NETWORK MODULE 115 is the collection of computer software, hardware, and firmware that allows computer 101 to communicate with other computers through WAN 102. Network module 115 may include hardware, such as modems or Wi-Fi signal transceivers, software for packetizing and/or de-packetizing data for communication network transmission, and/or web browser software for communicating data over the internet. In some embodiments, network control functions and network forwarding functions of network module 115 are performed on the same physical hardware device. In other embodiments (for example, embodiments that utilize software-defined networking (SDN)), the control functions and the forwarding functions of network module 115 are performed on physically separate devices, such that the control functions manage several different network hardware devices. Computer readable program instructions for performing the inventive methods can typically be downloaded to computer 101 from an external computer or external storage device through a network adapter card or network interface included in network module 115.

WAN 102 is any wide area network (for example, the internet) capable of communicating computer data over non-local distances by any technology for communicating computer data, now known or to be developed in the future. In some embodiments, the WAN 012 may be replaced and/or supplemented by local area networks (LANs) designed to communicate data between devices located in a local area, such as a Wi-Fi network. The WAN and/or LANs typically include computer hardware such as copper transmission cables, optical transmission fibers, wireless transmission, routers, firewalls, switches, gateway computers and edge servers.

END USER DEVICE (EUD) 103 is any computer system that is used and controlled by an end user (for example, a customer of an enterprise that operates computer 101), and may take any of the forms discussed above in connection with computer 101. EUD 103 typically receives helpful and useful data from the operations of computer 101. For example, in a hypothetical case where computer 101 is designed to provide a recommendation to an end user, this recommendation would typically be communicated from network module 115 of computer 101 through WAN 102 to EUD 103. In this way, EUD 103 can display, or otherwise present, the recommendation to an end user. In some embodiments, EUD 103 may be a client device, such as thin client, heavy client, mainframe computer, desktop computer and so on.

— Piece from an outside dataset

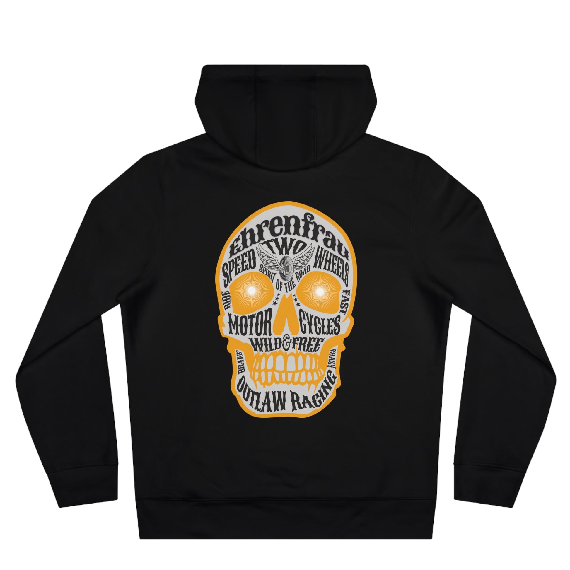 Der Ehrenfrau-Hoodie verbindet rebellischen Biker-Spirit mit hochwertigem Tragekomfort. Der große Skull-Print auf dem Rücken zieht garantiert Blicke auf sich und ist perfekt für alle, die Power, Freiheit und Charakter leben. Ob auf dem Bike, beim Treffen mit der Crew oder im Alltag - dieser Hoodie zeigt, wofür du stehst: Two Wheels. One Life. 100% Rebel Energy.

REMOTE SERVER 104 is any computer system that serves at least some data and/or functionality to computer 101. Remote server 104 may be controlled and used by the same entity that operates computer 101. Remote server 104 represents the machine(s) that collect and store helpful and useful data for use by other computers, such as computer 101. For example, in a hypothetical case where computer 101 is designed and programmed to provide a recommendation based on historical data, then this historical data may be provided to computer 101 from remote database 130 of remote server 104.

PUBLIC CLOUD 105 is any computer system available for use by multiple entities that provides on-demand availability of computer system resources and/or other computer capabilities, especially data storage (cloud storage) and computing power, without direct active management by the user. Cloud computing typically leverages sharing of resources to achieve coherence and economies of scale. The direct and active management of the computing resources of public cloud 105 is performed by the computer hardware and/or software of cloud orchestration module 141. The computing resources provided by public cloud 105 are typically implemented by virtual computing environments that run on various computers making up the computers of host physical machine set 142, which is the universe of physical computers in and/or available to public cloud 105. The virtual computing environments (VCEs) typically take the form of virtual machines from virtual machine set 143 and/or containers from container set 144. It is understood that these VCEs may be stored as images and may be transferred among and between the various physical machine hosts, either as images or after instantiation of the VCE. Cloud orchestration module 141 manages the transfer and storage of images, deploys new instantiations of VCEs and manages active instantiations of VCE deployments. Gateway 140 is the collection of computer software, hardware, and firmware that allows public cloud 105 to communicate through WAN 102.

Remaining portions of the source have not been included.